Van Rensburg v Van Rensburg N.O and Others  ZAECGHC 29
D and V made a joint will which created the D Trust in the event of D’s demise before V. V was to be the only income beneficiary of the D Trust (the trust). The will provided that:
“With the death of my wife the trust is to terminate and the capital, which includes capital gains thereon and additions thereto, together with any unpaid income, is to be paid in equal shares to my children R…, U…, C… and T…, or the survivors of them…”.
R, U, C, and T were appointed as the trustees of the trust. After V’s death, R sent an email to the other three trustees with a resolution authorising him to pay out the trust capital to the four of them, and requesting their banking details. U supplied her details to him, but unbeknown to both of them her email account had been hacked and the hacker(s) supplied false banking details to R. R paid an amount of R934 913.16 into the account of which the hacker(s) supplied the details.
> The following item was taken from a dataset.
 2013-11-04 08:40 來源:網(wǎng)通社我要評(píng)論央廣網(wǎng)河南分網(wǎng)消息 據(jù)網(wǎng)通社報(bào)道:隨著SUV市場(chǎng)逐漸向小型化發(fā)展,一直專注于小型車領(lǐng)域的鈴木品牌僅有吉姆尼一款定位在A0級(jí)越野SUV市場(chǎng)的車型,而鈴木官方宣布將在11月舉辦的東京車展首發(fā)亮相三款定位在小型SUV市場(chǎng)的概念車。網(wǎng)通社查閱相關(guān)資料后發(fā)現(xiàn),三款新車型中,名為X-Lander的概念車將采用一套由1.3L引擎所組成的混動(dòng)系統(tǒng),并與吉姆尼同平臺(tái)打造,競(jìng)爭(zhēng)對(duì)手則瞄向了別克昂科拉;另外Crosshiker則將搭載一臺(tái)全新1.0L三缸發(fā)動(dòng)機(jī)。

When she found out what happened, U tried to resolve the issue with her siblings, but their attitude was that the fact that she did not receive her portion was her problem and not a fraud perpetrated against the trust.
U brought an application to have all the trustees removed and for the appointment of new trustees to deal with her problem, on the basis that the trustees suffer from a conflict of interest in that they are all beneficiaries of the trust. R, C, and T oppose the application on the grounds 1) that the trust ceased to exist upon V’s death and that the four siblings are therefore no longer trustees, 2) the question whether they were ever beneficiaries of the trust, 3) that U herself is conflicted, and 4) whether U has made out a case for the removal of the trustees under section 20(1) of the Trust Property Control Act, 57 of 1988.
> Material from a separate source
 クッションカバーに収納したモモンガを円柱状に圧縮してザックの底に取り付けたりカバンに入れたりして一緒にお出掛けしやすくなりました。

The Grahamstown High Court (Mfenyana AJ) held that the trust ceased to exist upon the death of V, that, therefore, the four siblings ceased to be trustees at that moment, and that the four siblings were never beneficiaries of the trust, but became entitled to the trust capital under the provisions of the will.
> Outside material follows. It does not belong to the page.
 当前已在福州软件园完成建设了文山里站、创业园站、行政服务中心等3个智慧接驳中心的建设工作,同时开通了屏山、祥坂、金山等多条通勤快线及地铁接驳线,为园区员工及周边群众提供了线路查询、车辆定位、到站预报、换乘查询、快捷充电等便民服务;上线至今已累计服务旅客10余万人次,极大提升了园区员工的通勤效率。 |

The judgement does not reveal who the executor(s) of the joint estate happened to be. It is therefore unclear why the court accepted that R had any authority to distribute the trust capital or on what authority he could do so legally. If the four siblings were not the joint executors of the estate and they were also no longer trustees of the trust (which in the court’s view did not exist anymore), it is unclear what right they had to sign any resolution authorising one of their number (R) to distribute the trust capital.
The judgement raises some further pertinent points:
• The wording of trust clauses creating and determining the details of a testamentary trust is of crucial importance. It is advisable to describe very clearly who the beneficiaries are and what rights they acquire under the trust, when the trust is to terminate and what the trustees’ duties are when that happens;
• Fiduciary practitioners acting as trustees or trust administrators on behalf of trustees should take great care when obtaining banking details of beneficiaries or creditors of the trust. It is advisable not to rely solely on emailed details when making a first payment to a beneficiary or new creditor.